Option 1: Interactive setup

storage-events setup

This walks you through cloning a repo, initializing change tracking, and optionally installing a git hook and cron job.

Option 2: Non-interactive setup

storage-events setup \
    --repo git@github.com:user/data-repo.git \
    --path ./data-repo \
    --branch main

Option 3: Manual setup on an existing repo

cd /path/to/your/repo
storage-events scan  # First run initializes tracking

Usage

Scanning for changes

# Scan the current directory
storage-events scan

# Scan a specific repo
storage-events scan /path/to/repo

# Pull first, then scan
storage-events scan --pull

# Preview changes without advancing the ref
storage-events scan --dry-run

# Pipe changes to a custom handler
storage-events scan --handler ./my-handler.sh

Change output format

Changes are printed as tab-separated lines matching git diff-tree --name-status output:

A       reports/q1-summary.pdf
M       data/metrics.csv
D       tmp/scratch.txt
R       docs/guide-v2.md

Status codes: A (added), M (modified), D (deleted), R (renamed), C (copied).

Setup command

# Interactive mode (prompts for everything)
storage-events setup

# Non-interactive mode
storage-events setup --repo <url> [options]

Options:

Flag Default Description
--repo URL Git repository URL (required for non-interactive)
--path PATH ./<repo-name> Local clone path
--branch NAME main Branch to track
--handler PATH built-in Path to handler script
--cron MINUTES Set up cron polling at this interval
--no-hook Skip post-merge hook installation

The setup command:

  1. Clones the repo (or reuses an existing clone)
  2. Initializes the last-processed ref to the current HEAD
  3. Installs a default handler (default-handler.py) that pretty-prints changes
  4. Installs a post-merge git hook (so changes are shown automatically after git pull)
  5. Optionally sets up a cron job for automated polling

Writing handlers

A handler is any executable that reads tab-separated change lines from stdin. Exit 0 to mark changes as processed (advances the ref). Exit non-zero to leave the ref unchanged so the same changes are retried on the next scan.

Default handler

The setup command installs default-handler.py, which pretty-prints changes:

ADDED      reports/q1-summary.pdf
MODIFIED   data/metrics.csv
DELETED    tmp/scratch.txt

Example: Slack notification

#!/usr/bin/env bash
payload=$(jq -Rs '{text: ("Files changed:\n" + .)}' <<< "$(cat)")
curl -s -X POST -H 'Content-type: application/json' \
    --data "$payload" "$SLACK_WEBHOOK_URL"

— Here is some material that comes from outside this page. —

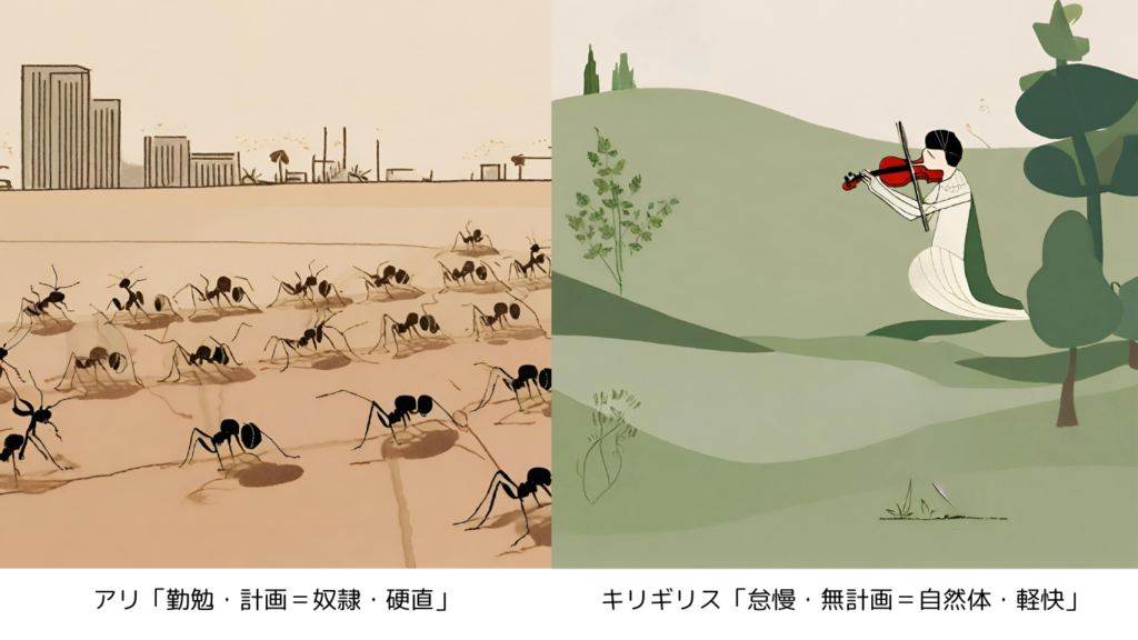 結果的には、キリギリスはアリに助けを求めます。アリが優位であり、キリギリスが劣位というストーリーが強調されます。しかし、その場その場で何とかしていくことは完全に否定できるでしょうか?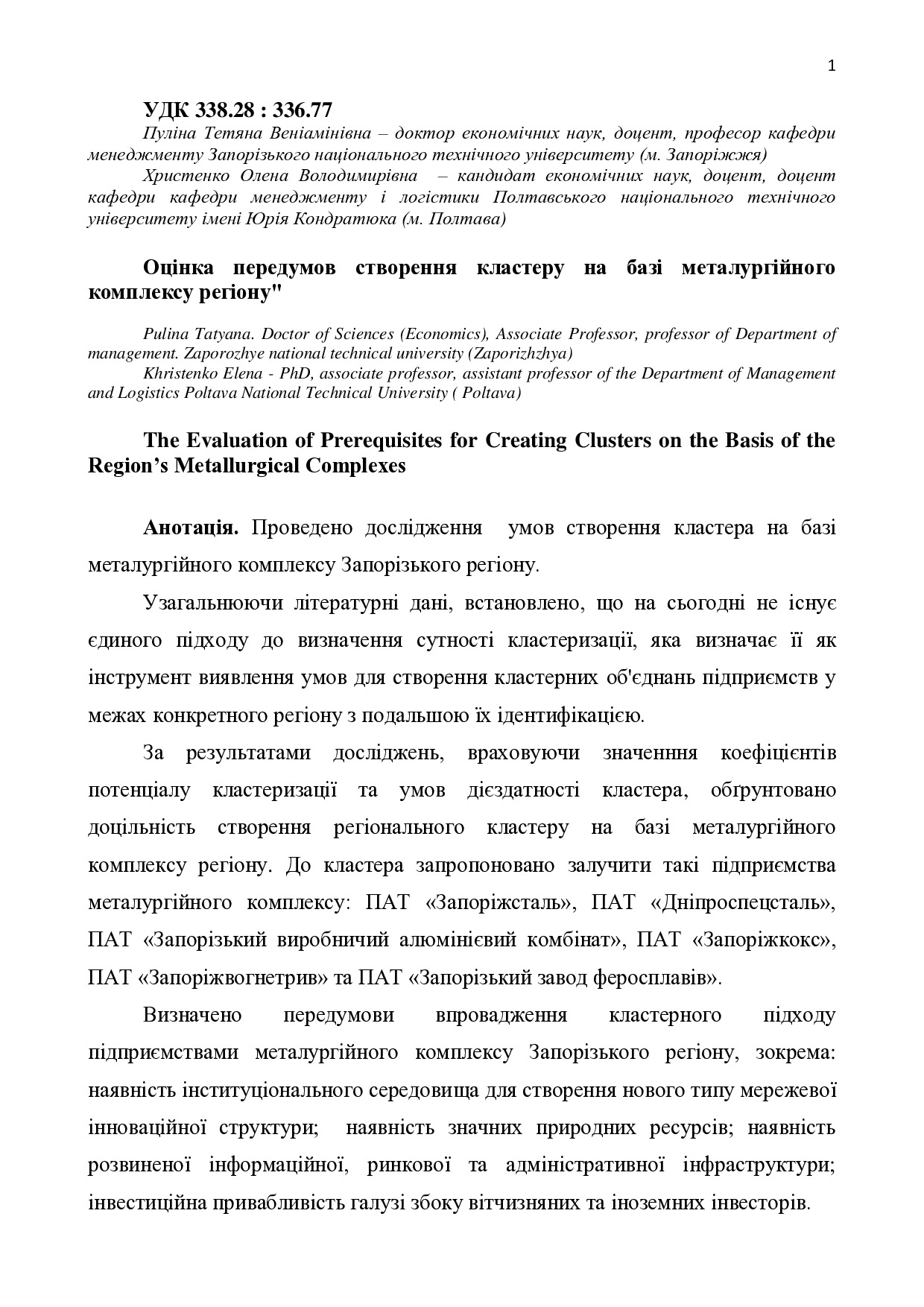 Оцінка передумов створення кластеру на базі металургійного комплексу регіону

Example: Process only CSV files

#!/usr/bin/env bash
while IFS=$'\t' read -r status file; do
    if [[ "$file" == *.csv && "$status" != "D" ]]; then
        python3 pipeline.py "$file"
    fi
done

Example: Python handler

#!/usr/bin/env python3
import sys

for line in sys.stdin:
    status, filepath = line.strip().split("\t", 1)
    if status == "A":
        print(f"New file detected: {filepath}")
        # Do something with the new file...

Automation

Cron

Poll every 15 minutes:

# Via setup
storage-events setup --repo <url> --cron 15

# Or add manually to crontab
*/15 * * * * cd /path/to/repo && git pull -q && storage-events scan

Post-merge hook

The setup command installs a .git/hooks/post-merge hook that shows changes automatically after every git pull. You can customize the handler with the STORAGE_EVENTS_HANDLER environment variable:

STORAGE_EVENTS_HANDLER=./notify.sh git pull

Launchd (macOS)

Create ~/Library/LaunchAgents/com.storage-events.scan.plist for a timer-based approach that's more reliable than cron on macOS.

How the ref works

The tool stores a single git ref at refs/storage-events/last-processed inside the repo's .git directory. This ref points to the last commit that was successfully processed.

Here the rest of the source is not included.